The "new middle way" or the "third way with Taiwanese characteristics" put forward by the DPP has generated much discussion. Many people have criticized the policy's opacity, while others suggest that the policy is nothing more than an election tactic. The public's lack of understanding of what this policy seems to support charges that the "third way" policy lacks a popular base in a "left-less" country like Taiwan. The critics suspect that the "third way," which developed out of the experience of European Social Democracy, will fall on infertile ground in Taiwan, and end up as nothing more than a facile campaign slogan. These criticisms should be taken seriously if Taiwan hopes to develop a mature center-left political force.
One of the often-heard criticisms is that the centrist policies of the "third way" are meaningless in Taiwan as there is no "left" to balance the "right."
It is worth noting that most of the supporters of the "new middle way" do not believe that the "middle" refers to a middle ground between the "left" and "right" at all, but rather to finding a way to reconcile opposing positions in the endless "unification vs independence" debate.
Illustration: Yu Sha
Actually, both supporters and detractors of the "new middle way" have overlooked the fact that the policy shift the "new middle way" embodies is a response by European social democratic parties to the challenge of globalization. Ideologically speaking, the "third way" is an attempt to break the stalemate between neo-liberalism and social democracy. Policy-wise, however, the goal of the "third way" is to deconstruct the contradictions between a borderless capitalism and the exclusive sovereignty of nation states, and to find a center-left policy somewhere between the extremes of removing all government protections and fattening an already bloated government through increasing protective measures.
The need to find a "third way" between the right and left arises from the dilemma that all nation-states now face. Politics, economics, state and society all tend towards autonomy and disintegration in modern society, and those with political power can make policy choices that can eit-her tilt left (increased government supervision and intervention, and social integration) or right (reduced government intervention, establishment of autonomous mechanisms for social groups). In Taiwan, you can hear the same pro and con arguments on a range of issues, from the control of pornography on the Internet, the lowering of the stock transaction tax, the establishment of the National Stability Fund, how to solve unpaid private mortgages after the earthquake, to the liberalization of agricultural land. A similar debate has emerged within the DPP.
More discussion is required about the critics' charge that the "new middle way" is meaningless because there is no struggle between right and left in Taiwan. How should governments work towards economic and social fairness when the very power of nation-states is limited by the forces of globalization? How should the state maintain its numerous social contracts and integrate society's various functions, while at the same time raising the self-discipline (
Bridging the gap
Understanding Taiwan's "new middle way" as merely being a third way between the Scylla of independence and the Charybdis of unification obscures the link between Taiwanese and European versions of the "third way." It also paints the supporters of the "new middle way" as hopelessly clinging to the independence/unification divide, and the "new middle way" policy as nothing more than a election strategy to steer the DPP through Taiwan's divided political environment.
If one takes a careful look at the documents associated with the "new middle way" in Taiwan, however, it becomes clear that the policy in fact aspires to bridge the gap between left and right. The appearance of the idea of a "partnership government" in the DPP's Policy Platform for 2000 bears more than a casual resemblance to the "third way" put forth by European parties.

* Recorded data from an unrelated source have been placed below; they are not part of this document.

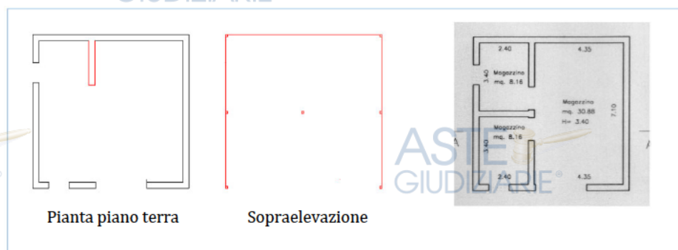
Figure 2 – Confronto tra la restituzione grafica dello stato dei luoghi (a sx il p Terra e la sopraelevazione) e gli elaborati grafici allegati al titolo autorizzativo (a dx piano Terra).

Il fabbricato è stato realizzato senza le prescritte autorizzazioni di legge e in data 29/10/1997 è stata presentata al fine di sanare l'abuso per il bene in oggetto la richiesta di condono edilizio registrata al protocollo generale del comune in pari data al n. 1297 ed al registro delle domande di concessione al n. 100. Successivamente il comune di Naro ha rilasciato in data 10/02/1999 la concessione edilizia in sanatoria n. 7/2000 ai sensi e per gli effetti dell'art. 13 della Legge del 28/02/1985 n. 47. Dal confronto tra la restituzione grafica dei rilievi metrici e gli elaborati grafici allegati al titolo autorizzativo, che si riportano nella figura 2, si evidenzia la realizzazione di un muro sul lato Nord del fabbricato, la demolizione dei muri che delimitavano il vano posto sul lato Sud e la sopraelevazione di un altro piano realizzato con una struttura precaria in lamiera.
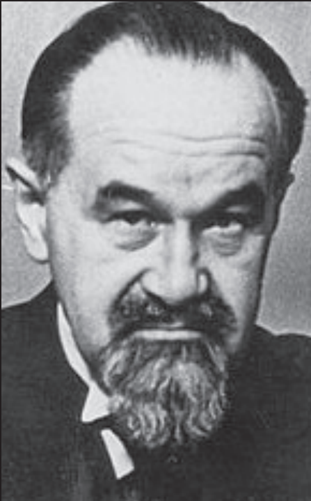
Psychiater: »Der Mann ist der eigenartigste Fall, der mir bis heute untergekommen ist.«
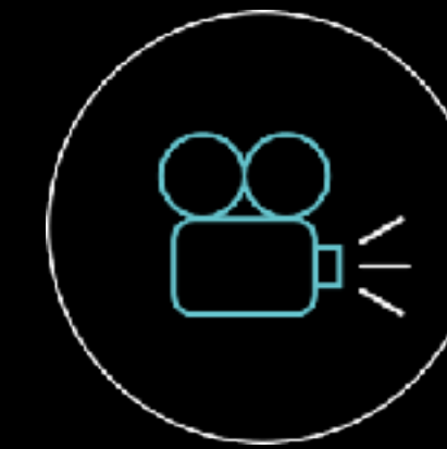
E-Learnings & Produktfilme
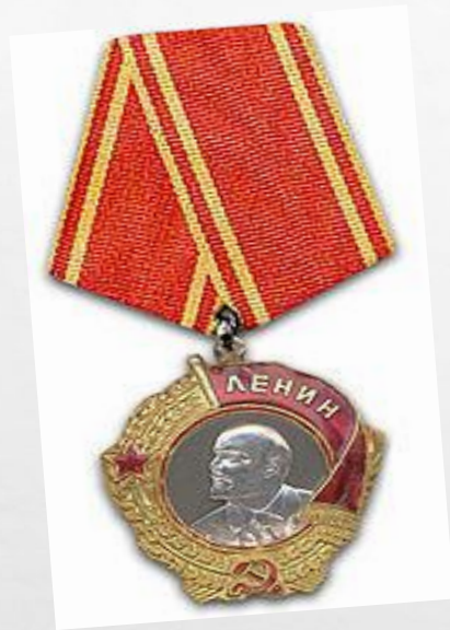
4 Ордена Ленина
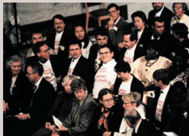
Los representantes de las organizaciones de MSF en la ceremonia del Nobel. Desde, en rojo, “Detened los bombardeos contra civiles en Grozni”.
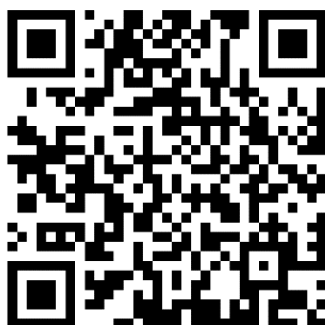
第15屆全球華人化工學者研討會 註冊費支付表
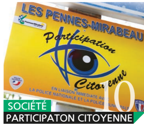
SOCIÉTÉ PARTICIPATION CITOYENNE
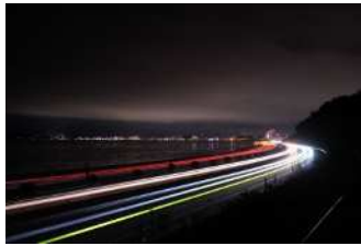
『水の都に続く道』 朝元 政貴様
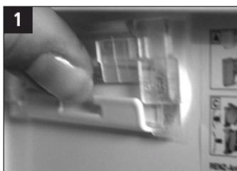
1 Navneskiltholderen tages ud ved at trykke på midten af holderen og presse opad.

The platform contends that the arguments for a "large" or "lean" governmental structure are outdated ideological positions, and the relationships between the government and civil society, state and market are not zero-sum games. It also states in clear language that a government should be judged by the welfare it brings its people and not its size.
This role for the state is also delineated in the DPP's China Policy White Paper and the National Security Development Strategy is listed as a part of the "new middle way." The policy also states that a simplistic separation of the "no haste, be patient" (
Compared to those leftists who still stick to the old formula of, "socialism = nationalization = protective subsidies = universal welfare," Taiwan's "new middle way" is a more practical policy in the light of the limits that globalization sets on nation-state. Keynesian policies and macroeconomic controls are no longer possible in the globalized world of today, and "leftists" of all stripes, whether supporters of the "new middle road" or a more radical policy, should give up their pipe dreams about the powers of nation-states.
Of course, questions of how to best foster social solidarity and guide the market to bring the greatest welfare to the public under new economic, political and social conditions is not the exclusive property of any one party or the "new middle way." Rather, they are pressing contemporary issues that demand a response from all who reject neo-liberal market dogma.